Permitting this does not seem like a cause for concern to me.

Support

As noted in the issue, @albertdahlin's team has had a positive experience using this decoding API (without elm-format) for months.

@danabrams commented:

I like it a lot for deciding large, sometimes complex Json.

@brasilikum commented:

As feedback from beginners was explicitly requested: I understood the example code right away and had an “aaaahh” moment because:

This style of writing decoders resembles “normal” elm code much more than the current [that is, Decode.Pipeline] syntax. It was intuitively obvious that I now had access to all previously decoded values, just like I do while pattern matching.

I have written a small elm app for internal tooling so far but did not understand the current syntax enough (even after three tries) to be able to decode a type where one value depends on two others.

@ianmjones found it confusing at first:

For someone relatively inexperienced with Elm like me, the nested anonymous functions syntax of the proposal seems fairly confusing. Then again it may be down to the back pipe usage, always gives me headaches!

I added a TEACHING.md file which explained how it worked, and this turned it around:

That new TEACHING doc was very helpful, it nicely explains each of the parts of the pattern as it progresses to build the final syntax. Thank you!

(I'm considering that a "support" because historically I've had little success teaching what Decode.Pipeline is actually doing from a type perspective.)

Pushback

@runarfu said:

It seems tedious having to repeat the field names (or name the intermediate values something else).

@SergKam echoed this concern:

I don’t really like it. It can be useful for some cases but [...] for me, Elm is already too verbose I would try to keep it cleaner.

@AlexKorban expressed a strong preference for Decode.Pipeline:

In the experimental API, the name of each field appears 4 times (or 3 times if using the record constructor) instead of once with the existing API. Particularly in the case of JSON objects with many fields, this will be very noisy. [...] As @joelq pointed out, fields can still be swapped if people use a constructor with succeed (and it’s likely that they will in order to avoid typing field names yet again).

Other Feedback

@sporto expressed a preference for the indented style when decoding a small number of fields, but considered the non-indented version beneficial for larger ones:

I like this for the safety this provides. We had something very similar before Elm 0.19 using a custom operator [...] This was great for making our code resilient to the issue of having attributes with the same type.
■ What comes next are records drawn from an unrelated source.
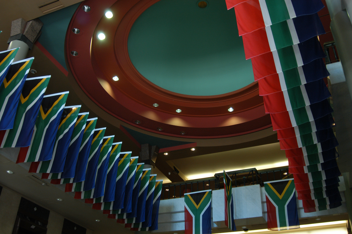 The first chamber we saw was the oldest - dating back to the early 1900s if I recall correctly - and is currently only used for caucus meetings. From their we proceeded to the NCOP or provincial congress chamber. The final destination was the chambers of national congress. A large marble entry stairway surronded by South African flags led to the doors of the chamber. The interior was under renovation so it was filled with carpet rolls and torn out seats but we could all appreciate the location. (FYI, no photos were allowed in chambers so none are posted here).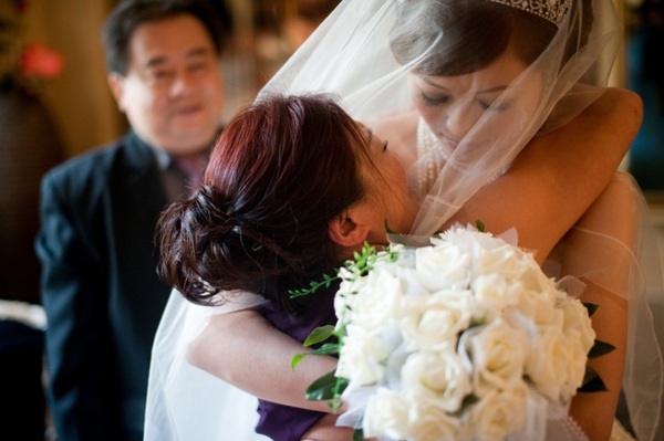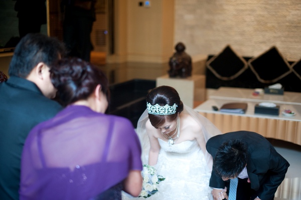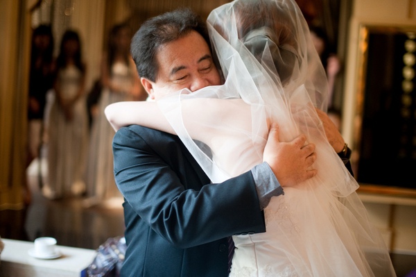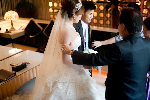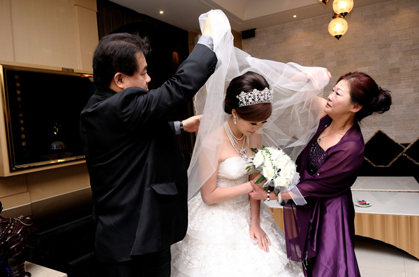 老爸跟老公說要好好對我,也祝福我們能幸福。老媽一樣泣不成聲
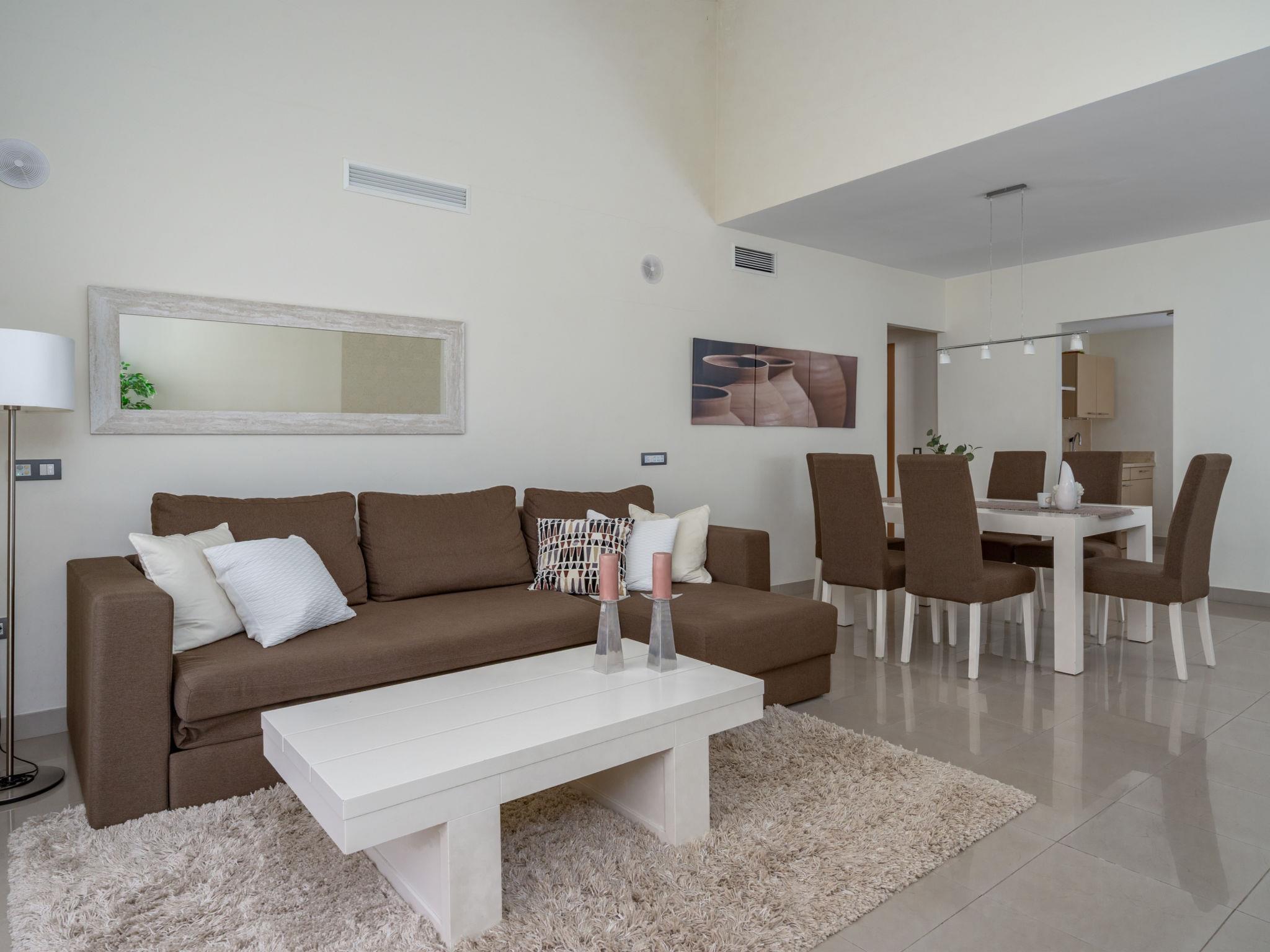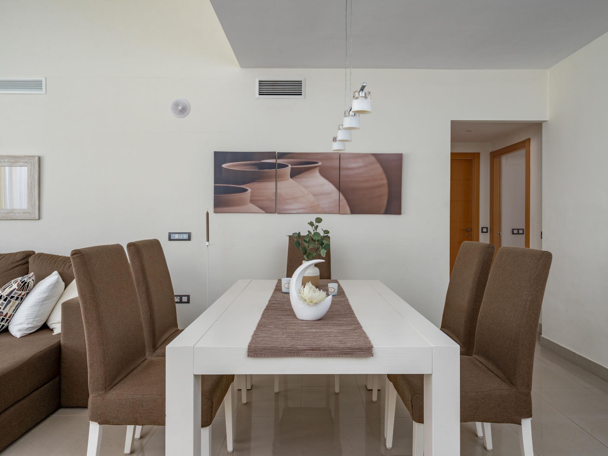 "Cortijo del Mar - Marea Alta", 3-Zimmer-Wohnung 93 m2 im 1. Stock. Hell, komfortabel und schön eingerichtet: Wohn-/Esszimmer mit Digital-TV, Klimaanlage und Warmluftheizung. Ausgang zur Terrasse. 1 Zimmer mit 1 franz. Bett (180 cm, Länge 200 cm), Dusche/Bidet/WC (privat) Klimaanlage und Warmluftheizung. 1 Zimmer mit 2 x 2 Etagenbetten (90 cm, Länge 200 cm). Küche (Backofen, Geschirrspüler, 4 Glaskeramikplatten, Toaster, Wasserkocher, Mikrowelle, Tiefkühler, elektrische Kaffeemaschine). Dusche/WC. Terrasse. Terrassenmöbel. Sicht auf das Schwimmbad und den Garten. Zur Verfügung: Waschmaschine, Bügeleisen, Kinderhochstuhl, Babybett, Haartrockner. Internet (WLAN, gratis). Garage Nr. 54. Bitte beachten: Nichtraucher-Unterkunft. VUT/MA/93934 // Reg. Nr.: ESFCTU0000290370004872390000000000000000VUT/MA/939343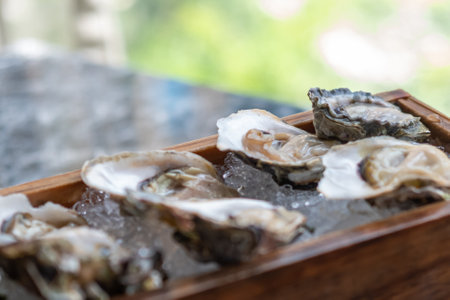 Freshly Shucked Oysters Served on Ice at Outdoor Seafood Restaurant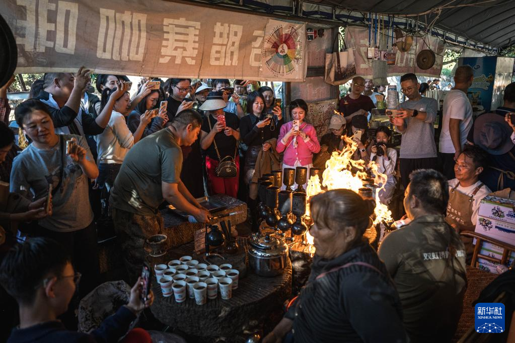 11月15日,顧客在位于云南省保山市隆陽區(qū)芒寬鄉(xiāng)的“路邊咖啡館”拍攝“火燒咖啡”制作過程。新華社記者 王冠森 攝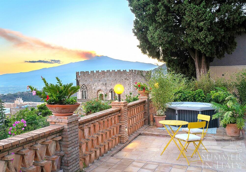 The fourth terrace is 65 square meters (700 square feet) large. It features an above-ground heated jacuzzi pool with hydromassage with six seats. You will reach it from the third terrace going down approximately 16 stairway steps. It is partly shaded by trees. It is equipped with a table and chairs. From the terrace you will enjoy a lovely view of the Mount Etna and of the sea.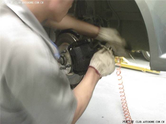 第3次返回车间。这回,2个人研究了一阵,更换了制动泵。我也才看到是制动泵和刹车盘摩擦,把制动泵都磨亮了!有图有真相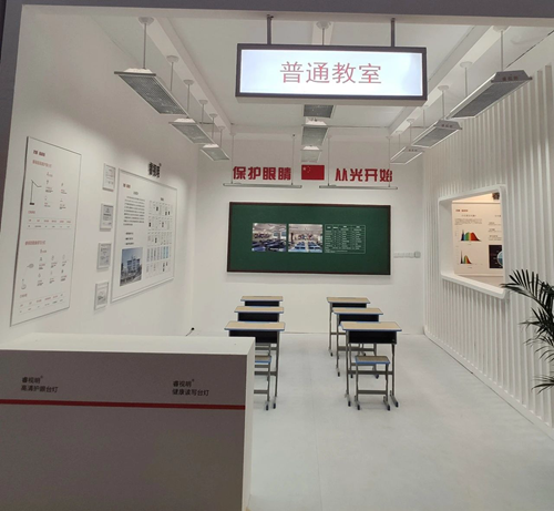 本屆展會,拓享睿視明帶來的全新幼兒園照明解決方案,采用的是幼兒專用護目面板燈,可有效控制眩光,能更好呵護幼兒尚未發育完全的眼球健康。此次展出的幼兒護目燈具組由大圓、小圓、及橢圓三個造型拼湊而成,造型新穎獨特、富有意趣,引得現場觀眾紛紛駐足。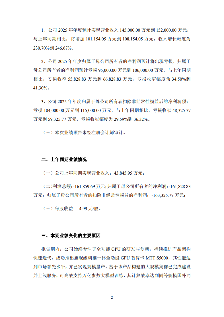 得益于人工智能产业蓬勃发展及市场对高性能GPU的强劲需求,公司产品竞争优势进一步扩大,市场关注度与认可度持续提升,推动收入与毛利增长,整体亏损幅度同比收窄。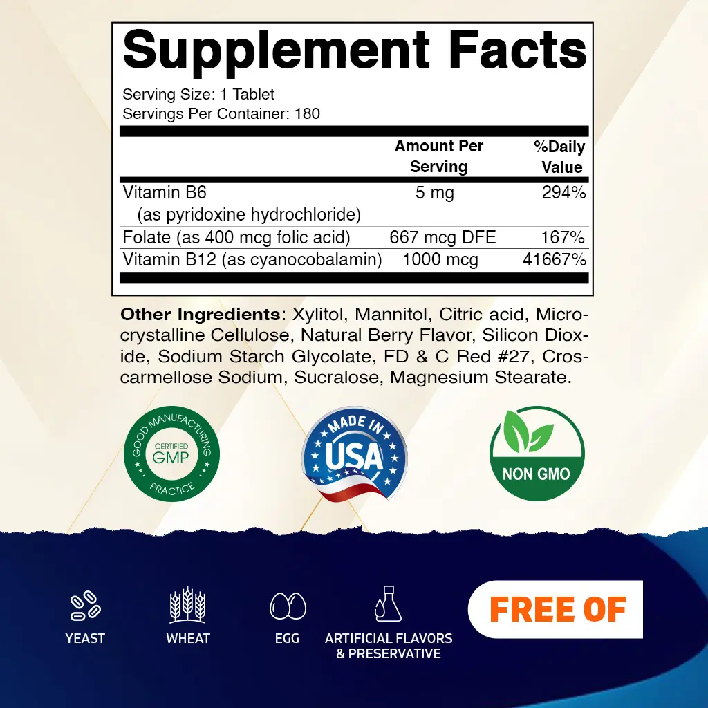- Made with Folic Acid, Vitamin B12, and Vitamin B6.

I find the indented version much easier to read in the examples. [...] At first the non indented version is a lot more difficult to parse, there is a lot happening in a packed space. Then after a few looks is not too bad, the benefit of not having runaway indentation is huge. Still not a great API in Elm unfortunately.

@joelq commented that users are likely to continue to use record constructor functions in this API regardless:

Using a lambda to construct a literal record fixes the issue regardless of whether you’re using core decoders, pipeline decoders, or this experimental approach. In all three cases, users are likely to use the auto-generated constructors for large records.
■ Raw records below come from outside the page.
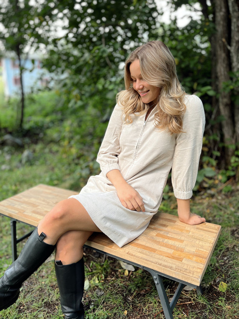 GANNI - Seersucker Corduroy V-neck Mini Dress - Chicory Coffee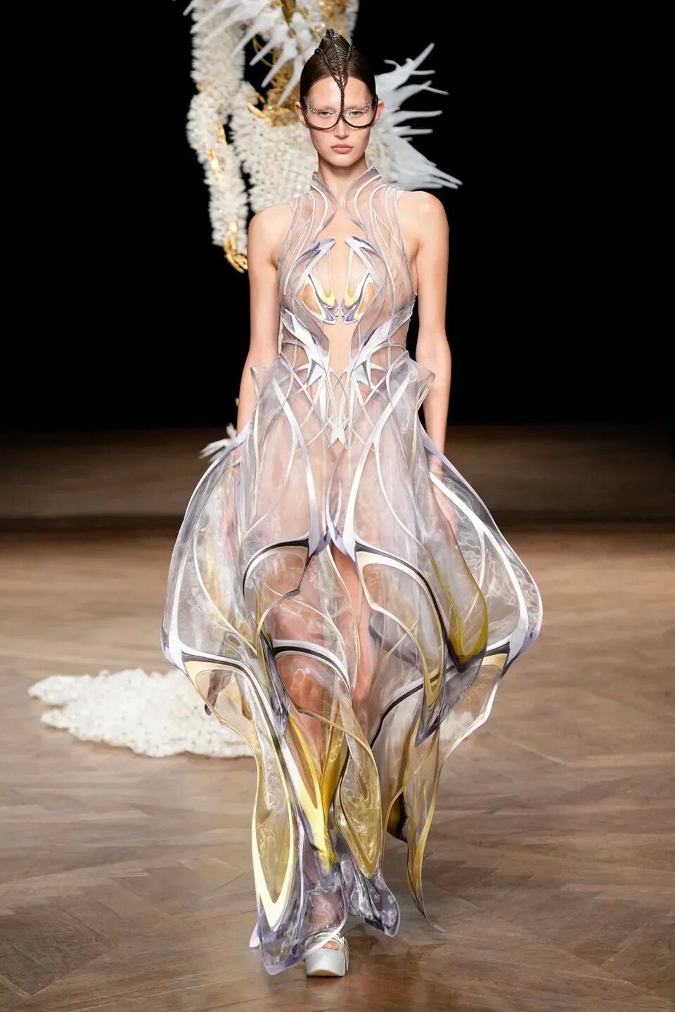 无论从工艺还是技术的角度,Iris van Herpen的设计都生动诠释了高级定制的艺术,本季也不例外。以「元形态论」作为此次高定秀场的主题,环绕着秀场中央的Daphne动态雕塑,时装展示在现实与虚拟中穿梭。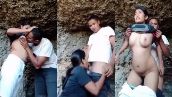 Village young lover ka outdoor jungle sex mms. Gaon k jawan ladka ladki jungle k andar ek gufa k paas sex ka maja le rahe hai. Dono hi jawan ladka ladki ek dusre k sath sex ka maja lene jungle mai aaye hai. Ladka apni sexy girlfriend ko apne aage khadi kar uski tishrt or bra ko upar utha uske bade boobs ko bahar nikaalta hai. Fir ladka apni sexy girlfriend k dono bade boobs ko dabaate hue chusne laga or ladki bhi boobs chuswaane ka maja leti hai.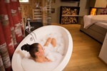Mit einer Maximalbelegung von 120 Gästen hat das Hotel genau die richtige Größe. Zusätzlich zu den 45 Zimmern, die keinen Komfort vermissen lassen, gibt es noch sieben Suiten. Fünf davon sind mit einer eigenen Sauna zusätzlich zu einer frei im Zimmer stehenden Badewanne und offenem Kamin ausgestattet. Der vierte und der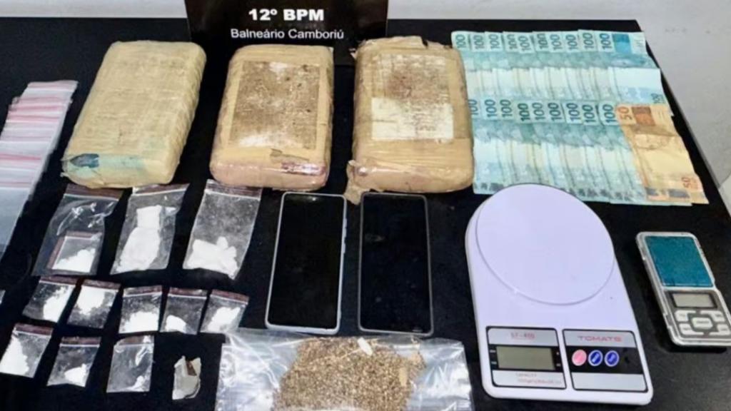 Diante dos indícios, os agentes realizaram buscas no imóvel e apreenderam 35,8 gramas de cocaína, 3,220 quilos de skunk, 4,9 gramas de maconha do tipo ICE, além de R$ 1.950 em espécie e dois aparelhos celulares, materiais que, segundo a corporação, são comumente associados à prática de tráfico de drogas. O Fiat Mobi também foi identificado como parte da dinâmica de distribuição dos entorpecentes.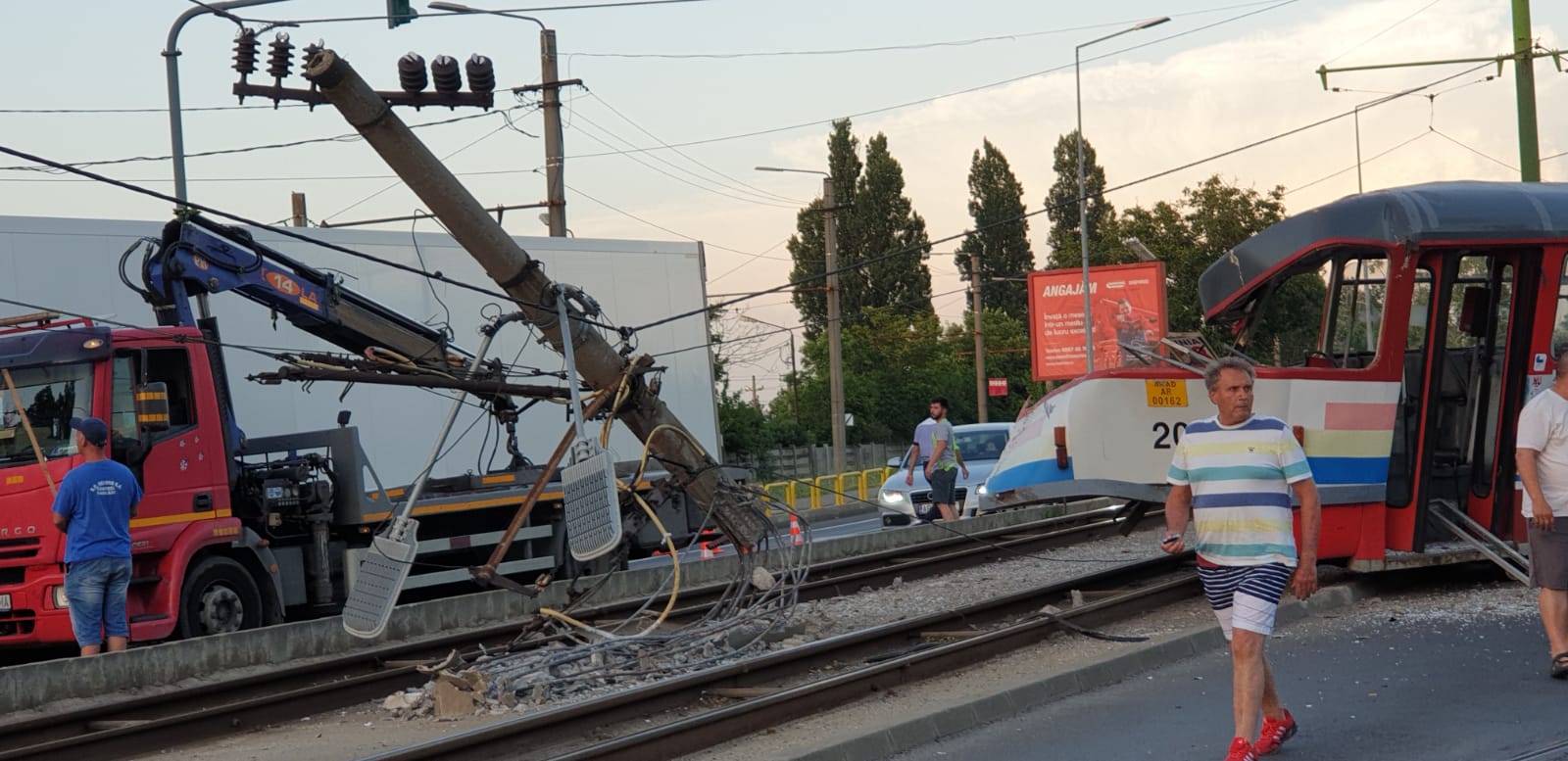 Acesta a menționat că o pasagera din al doilea vagon a fost rănită ușor. Dat fiind faptul că s-au dărâmat doi stâlpi, încă nu se știe la ce oră se va relua circulația tramvaielor.

I responded with a clarification.

@chadtech compared the error messages of both styles and concluded that they were not much different in quality. I came to the opposite conclusion and explained why.

@rgrempel pointed out that "whether this is an idiom that ought to be generally encouraged is a significant question." I think that's worth discussing in this thread.

rgrempel commented 5 years ago

If I had to give a quick description of this idiom, it would be "gradually bringing identifiers into scope without monotonous indentation".

As a general matter, I think this is most essential when dealing with multiple andThen computations. It is the andThen which requires that we introduce a new scope -- which would normally mean a new level of indentation. However, it's perfectly normal to do a bunch of andThens. That is, in effect, what @rtfeldman's example is doing behind the scenes, since require and default are defined using andThen.

So, with a bunch of andThens, you'd normally end up with a cascading indentation. Now, normally this is fine -- the indentation has a purpose, since it visually shows you what is in scope and what is not at any point. However, when the indentation is increasing monotonously, it's both ugly and causes difficulty with line length.

Now, Elm 0.17 flipped the argument order of andThen in order to encourage us to put andThen in pipelines, rather than the idiom used here. (Which, of course, is exactly what elm-json-decode-pipeline does now, as implied by its name). The difficulty is that each step in the "standard" pipeline gets its own scope. That is, you're not gradually introducing new variables one at a time into a shared scope. Instead, you get a separate scope for each line.

So, for instance, suppose the API were such that you could write this (in post-Elm-0.17 style)

require "id" int
    |> andThen (\id -> require "email" string)
    |> andThen (\email -> default "name" string "Guest")
    |> andThen (\name -> succeed { id = id, email = email, name = name })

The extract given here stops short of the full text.